The main benefitted here will be certain operations that some nodes do that are a lot more memory efficient and cpu bound, such as animation playback, kinematic characters, etc. Which will now run in parallel.

justinbarrett commented 1 year ago

@justinbarret Godot scene layer is mostly high level complex constructs for the most part, so while its not very cache efficient, it does not use a lot of memory instances actively either.

In other words, It will definitely be memory bound but this is not serious.

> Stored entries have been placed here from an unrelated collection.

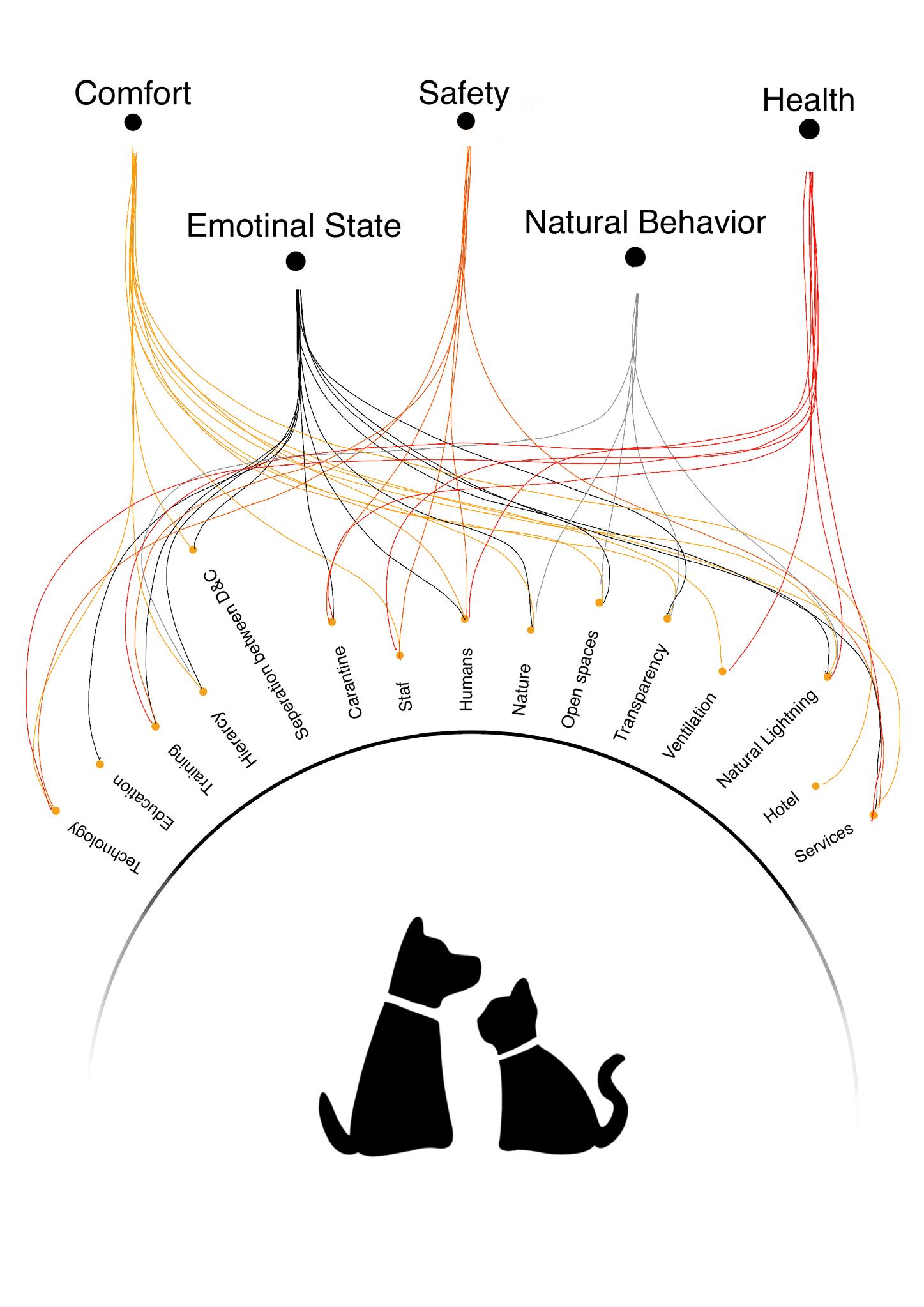 Yard C is the third and final courtyard of the clinic which is in the service of the hotel. This environment will be used from the dogs who will be staying at the clinic hotel. Yard C is easily accessible as for dogs even for the staff who will be at their service at all times. This space offers many different elements which positively affect dogs, especially their emotional state as these dogs face a different reality unlike what they are used to seeing and living every day and face the fear of abandonment.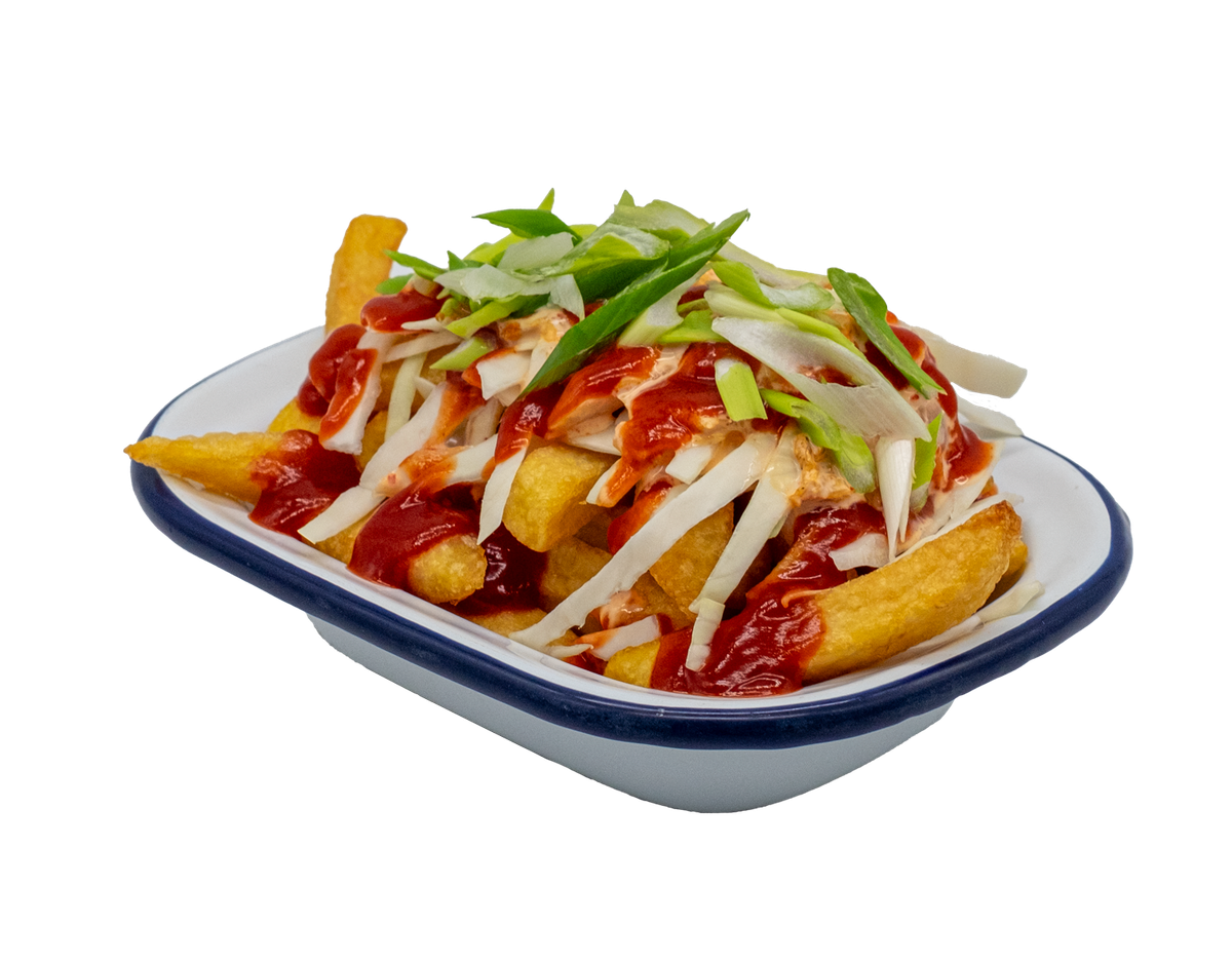 mit Pommes frites, Kohl, Kimchi-Mayonnaise, Gochujang-Ketchup und Frühlingszwiebeln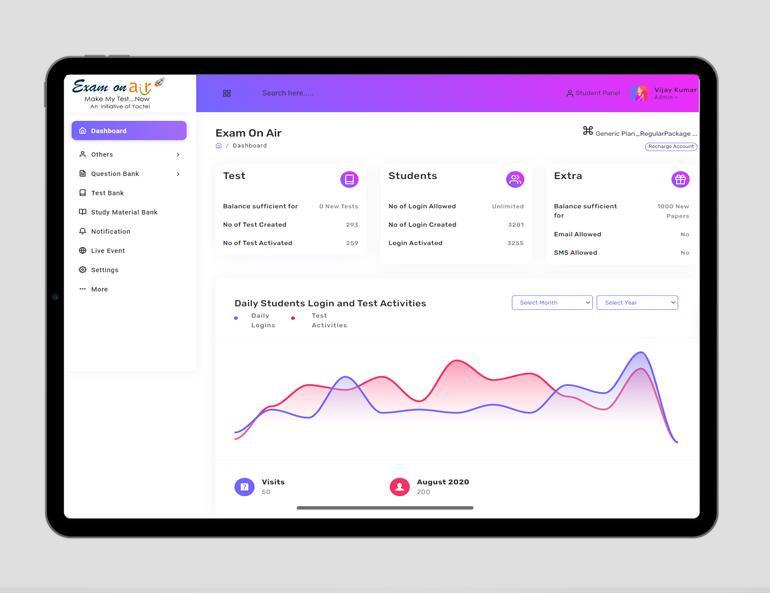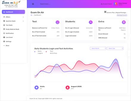 Exam on Air is the most sophisticated, innovative and user friendly online test platform and promises to its clients to help them automate their online examination process completely. From registrations of students to creating test paper for them by uploading of question paper on its own - everything is in the control of our clients

The main benefitted here will be certain operations that some nodes do that are a lot more memory efficient and cpu bound, such as animation playback, kinematic characters, etc. Which will now run in parallel.

I think that would be an amazing starting point, just moving the animation and kinematic would, for me, already provide a nice speed bump...

reduz commented 1 year ago

@justinbarrett The problem is that, you could thread animation or physics by themselves (and this is my previous proposal I mentioned in this one), and gives you more control and it's more efficient, but my feeling is that these nodes work in the context of a scene and interact with other nodes, so synchronization is going to be hard.

If, instead, you run the whole scene in a thread and force to use messaging for synchronization, I think usability will be far better because the chance of messing up is far lower.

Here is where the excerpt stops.